### Input ###
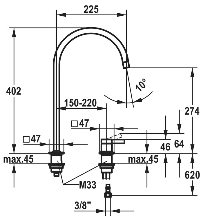 * Schwenkauslauf 150°, erweiterbar auf 360°
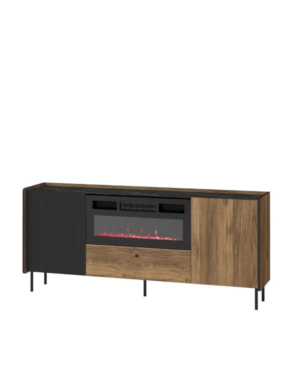 Tento výnimočný kus nábytku spája industriálny štýl s prirodzeným teplom dreva a ponúka možnosť vybaviť ho voliteľným elektrickým krbom, ktorý vytvára útulnú atmosféru.
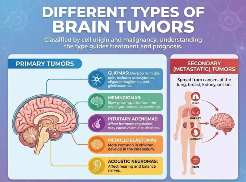Regardless of type, tumors can affect vital brain functions such as movement, speech, memory, and vision. Early evaluation by an experienced neurosurgeon is critical.
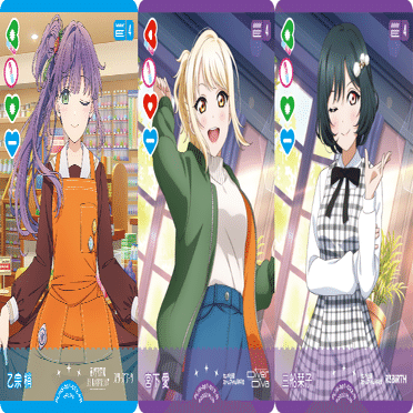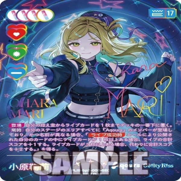 まず、Aqours全体の共通テキストである山下へのライブカード仕込みによって音符を積んでいき、初登場となる17コストのメンバー、鞠莉さんによる大型加点を噛まして焼き切る動きがメインギミックになりそうです。
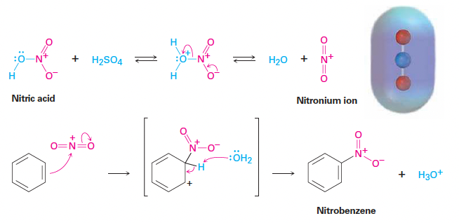 - 친전자체인 니트로늄 이온(NO2+)은 HNO3가 양성자화된 후 물 분자가 이탈하면서 형성됨.
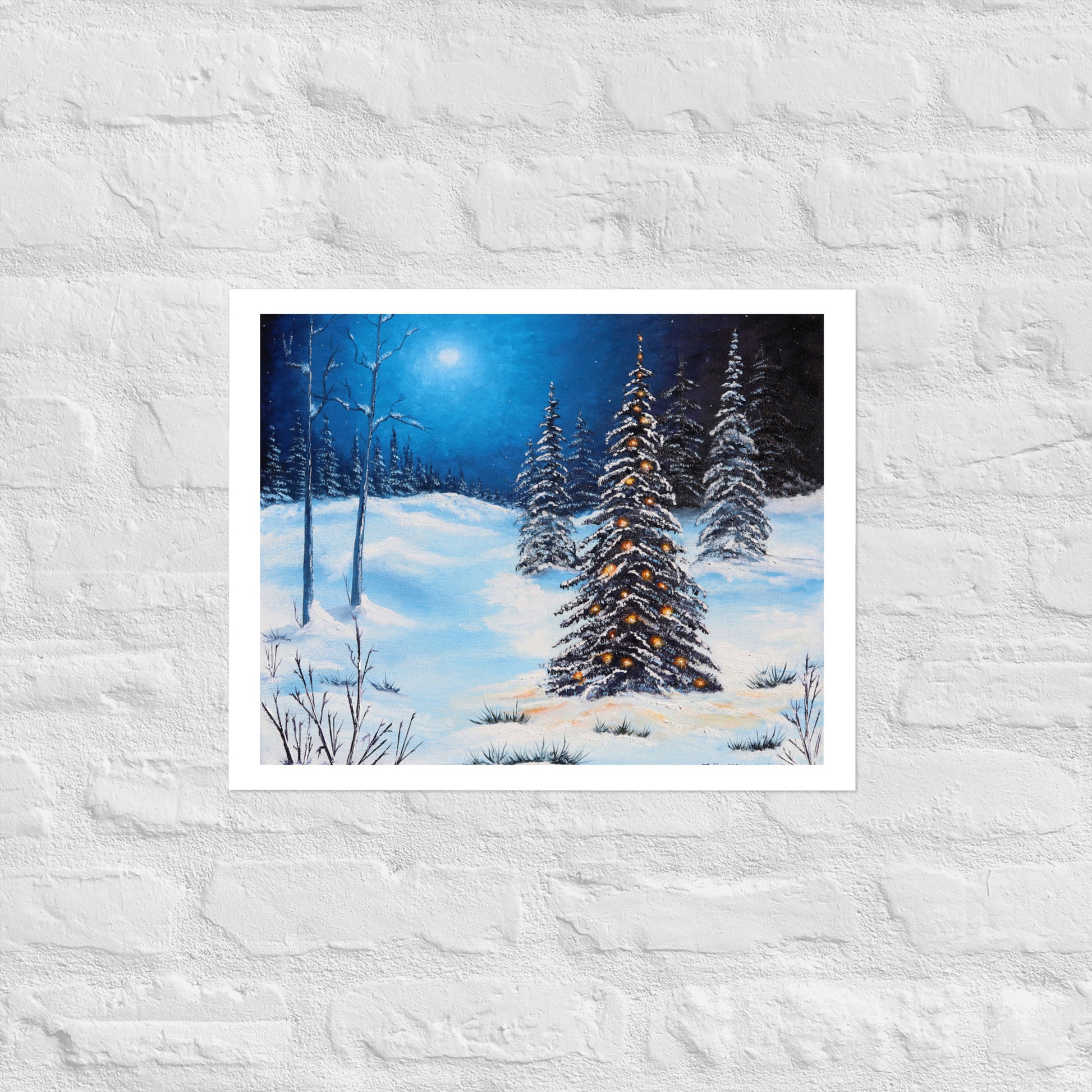 This is the first artwork of the Winter Collection. This moonlit holiday scene has inspirations of snowy serene nights in Colorado and Lake Tahoe, California. A snowy night luminated by the full moon and a glowing Christmas tree.
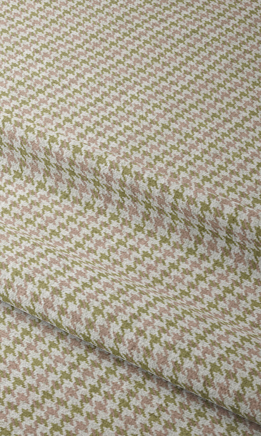 Speaking to the rustic essence of countryside English cottages, 'Herbland' depicts the houndstooth pattern in muted versions of green and pink that enhances the approachability and casual charm of the pattern further. Pair it with buffalo plaids, ticking stripes and dainty florals for a countrified appeal.
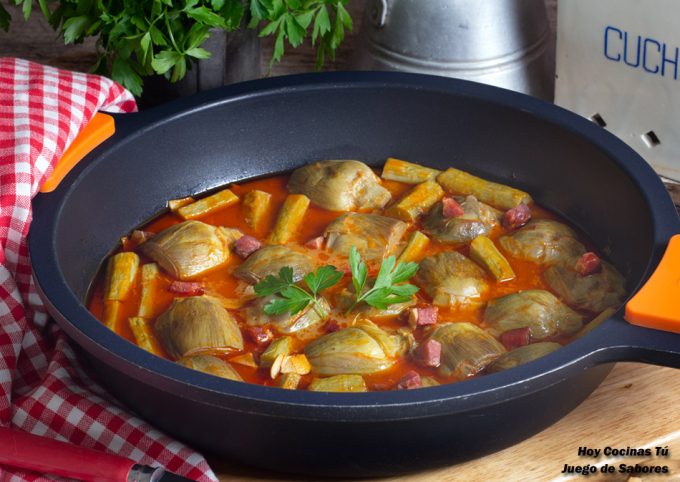 Es muy probable que hayáis disfrutado de las alcachofas con jamón muchas veces, tanto cocinadas por vosotros mismos como por quien cocine en casa, en restaurantes, etc. Y ahora tenéis posibilidad de probarlas con una nueva receta, ya nos contaréis si es parecida a vuestra forma de cocinar las alcachofas con taquitos de jamón. Nosotros sí la probaremos porque solemos hacerlas diferentes, habréis visto varias de nuestras recetas de alcachofas en el blog, en caso contrario, podéis poner el el buscador del lateral ‘Recetas con alcachofas’ y os saldrán para elegir. Recordad comprar las alcachofas frescas bien prietas, si son chatas y con un color limpio y claro, mucho mejor. Y ahora tomad nota de la receta de Juego de Sabores, os encantará.
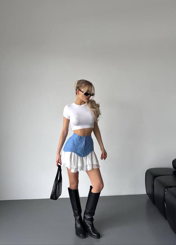 Спідниця, яка полонила ваші серця-відтепер також в наявності в більш легкій тканині 🥰🔥 ▪️Мод: 433 ▪️Ціна: 1150 грн ▪️Розмір: 42-44 та 46-48 ▪️Тканина: верх-щільний джинс турецький, волани-креп шифон ▪️Колір: чорний, блакитний та беж Спідниця з імітацією баски. Вона поєднує в собі зручність та підкреслить ваш стиль і легкість. Така спідниця ідеально підійде для повсякденних днів чи вечірок, створюючи легкий та романтичний образ.
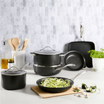 Bring out your inner master chef and tackle all your favourite recipes from your most-admired chefs with a full set of saucepan, frypan, skillet, pots and casserole. Please see product information.
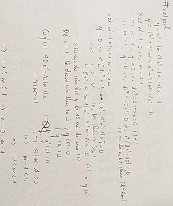 có bao nhiêu giá trị nguyên của m để hàm số y=x8+(m-1)x5-(m2-1)x4+1 đạt cực tiểu tại x=0 ?
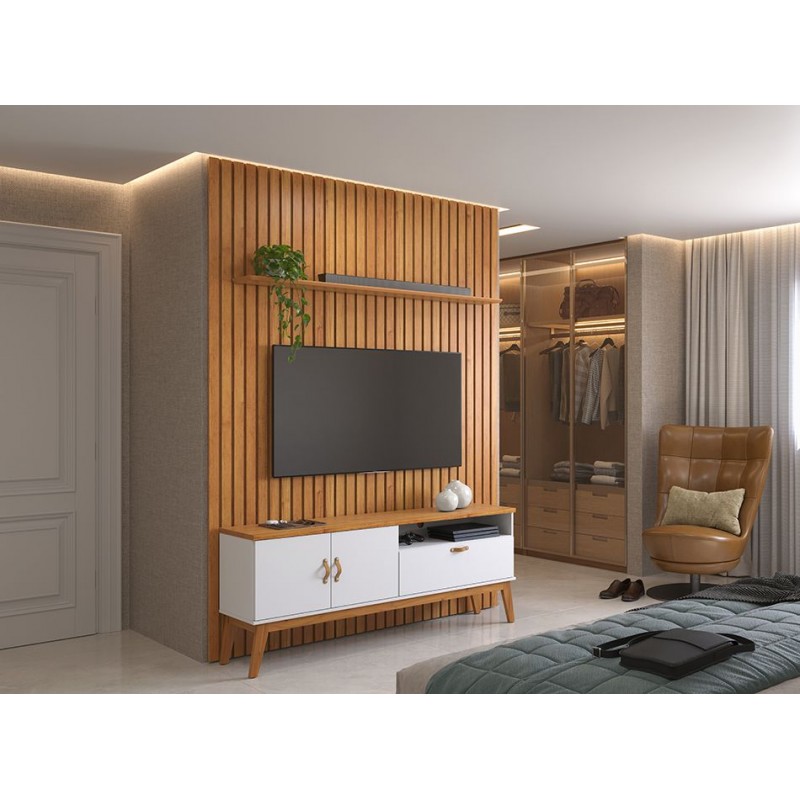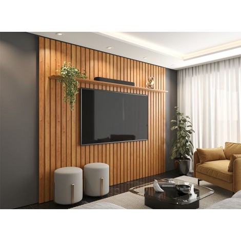 O Painel Ripado está super em alta e esse modelo com ripado verdadeiro promete revolucionar a decoração da sua sala. Moderno e Elegante, ele se encaixará perfeitamente na sua sala grande. Conta com uma prateleira para colocar vasos de planas e objetos decorativos. Suporta TV 75 polegadas. Aposte nesse modelo que será sucesso!
###
Work to be completed
Copy out exactly, with no pictures, the lines of the data from the first one through the line bearing "Regardless of type, tumors".

Solution for this problem
 * Schwenkauslauf 150°, erweiterbar auf 360°
 Tento výnimočný kus nábytku spája industriálny štýl s prirodzeným teplom dreva a ponúka možnosť vybaviť ho voliteľným elektrickým krbom, ktorý vytvára útulnú atmosféru.
Regardless of type, tumors can affect vital brain functions such as movement, speech, memory, and vision. Early evaluation by an experienced neurosurgeon is critical.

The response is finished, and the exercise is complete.